ГОТОВЫЕ УБИВАТЬ. Военно-патриотическое кино сегодня

На модерации Отложенный

Лучшее, что может сделать наш человек — это умереть за родину. Именно эту мысль и внушает современное патриотическое кино. Число убитых и раненых в кадре стремительно приближается к цифре реальных потерь. Наша патриотика, как и тридцать, и сороклет назад — почти вся про войну: реже — про какую-нибудь древнюю или локальную, чаще — про Великую. «Утомленные солнцем-2», «Брестская крепость», «Тихая застава», «Четыре дня в мае», «Одна война». Пропагандистский «Август.
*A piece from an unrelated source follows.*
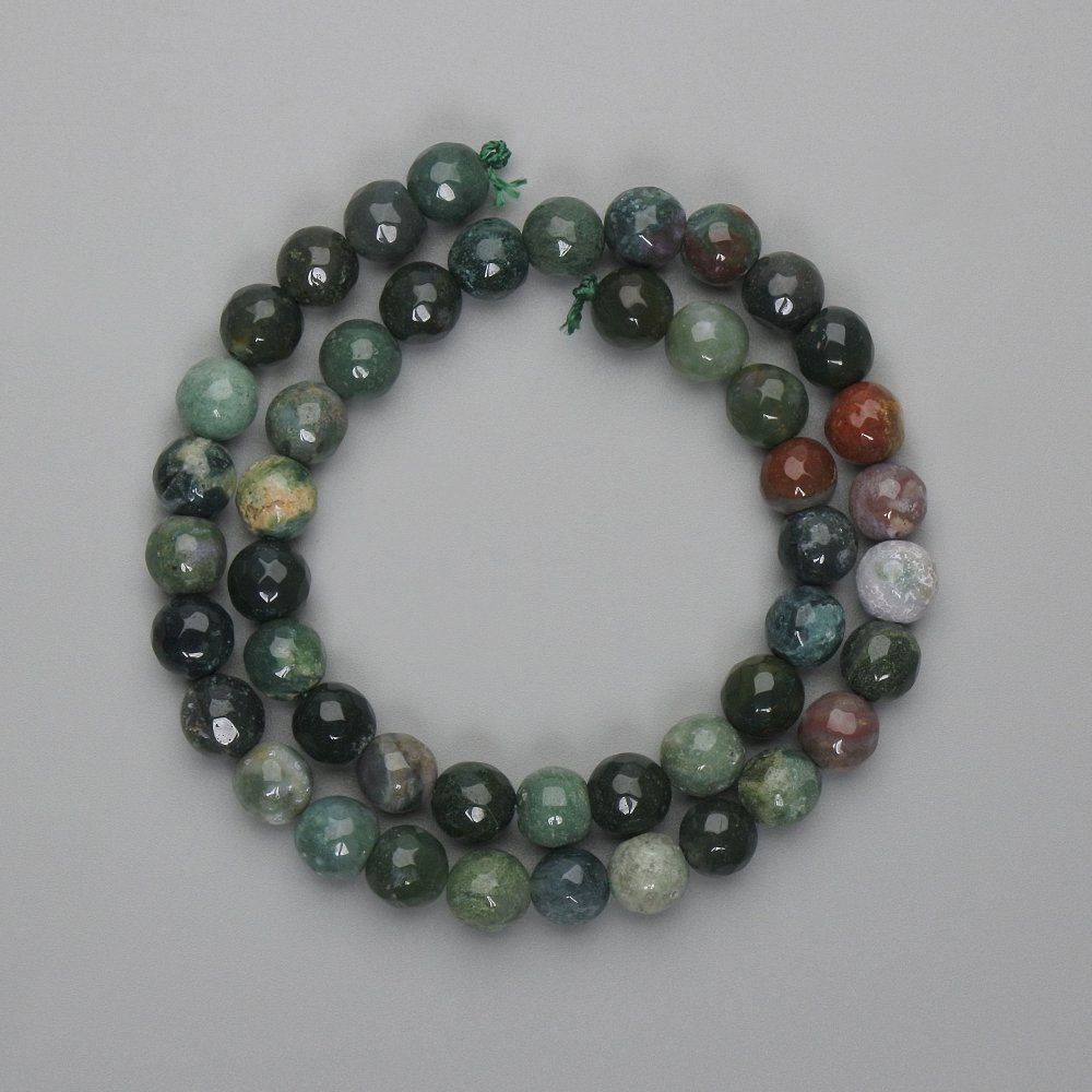 Намистини Моховий Агат гранована кулька, діаметр 8мм+-, довжина 36см+- на нитці

Восьмого». В мае появятся «Матч» (режиссер Андрей Малюков) и «Белый тигр» (режиссер Карен Шахназаров). «Сталинград» Федора Бондарчука ожидается к концу года. «Охота на крокодилов», «Василиса Кожина», «Про любовь и про войну», «Парень из нашего города», «Скобелев» — в следующем году. Снимается сериал по книге Василия Гроссмана «Жизнь и судьба» (режиссер Сергей Урсуляк). Фильм Бондарчука и сериал Урсуляка явно готовят к дате — 70-летию победы под Сталинградом в 2013-м.

Все про войну.

Под градом этой бутафорской шрапнели появились два интересных факта. Первое. Сразу на 29% в этом году упал зрительский интерес к отечественному кино (по сравнению с прошлым годом, данные Movie Research Company). Второе. Ни один из военно-патриотических фильмов, созданных за два года при поддержке Фонда кино (главный инвестор патриотики), не окупился в прокате.
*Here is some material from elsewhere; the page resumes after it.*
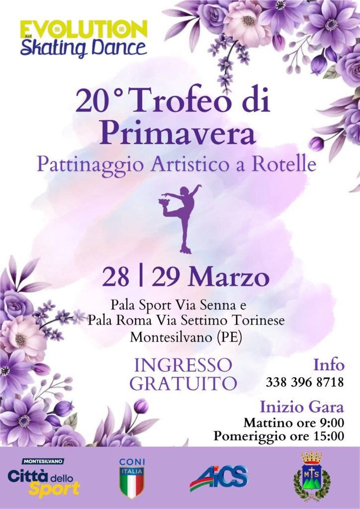 MONTESILVANO – Domani, sabato 28 e domenica 29 marzo Montesilvano ospita il Trofeo Primavera di pattinaggio artistico, manifestazione organizzata dall’Asd Evolution Skating Dance sotto l’egida AICS. L’evento di quest’anno, giunto alla sua 26esima edizione, si svolgerà in due diverse sedi: sabato al palazzetto di via Senna, domenica al Palaroma in via Settimo Torinese.

Рост числа фильмов о войне пропорционален падению интереса к российскому кино, причем именно к военному (на отечественные комедии и голливудские боевики ходят исправно). Прокат рухнул именно из-за того, что патриотику перестали смотреть.

Почему так происходит? В сознании чиновников, продюсеров и режиссеров патриотизм и военная тема — синонимы: нужно воспитывать патриотов — значит, нужно снимать больше военных фильмов. Но кто вообще сказал, что военное кино воспитывает патриотизм? Война — радикальный опыт жизни. На войне не строят долгосрочных планов, максимум — дожить до утра, до вечера. К мирной жизни, где требуется, напротив, длительный расчет, умение идти на компромисс с собой и другими, вживание, уживание с жизнью,военный опыт категорически неприменим. С мирной жизнью нужно уметь договариваться. А военное кино учит решать проблемы силой. То есть путем физического устранения проблемы.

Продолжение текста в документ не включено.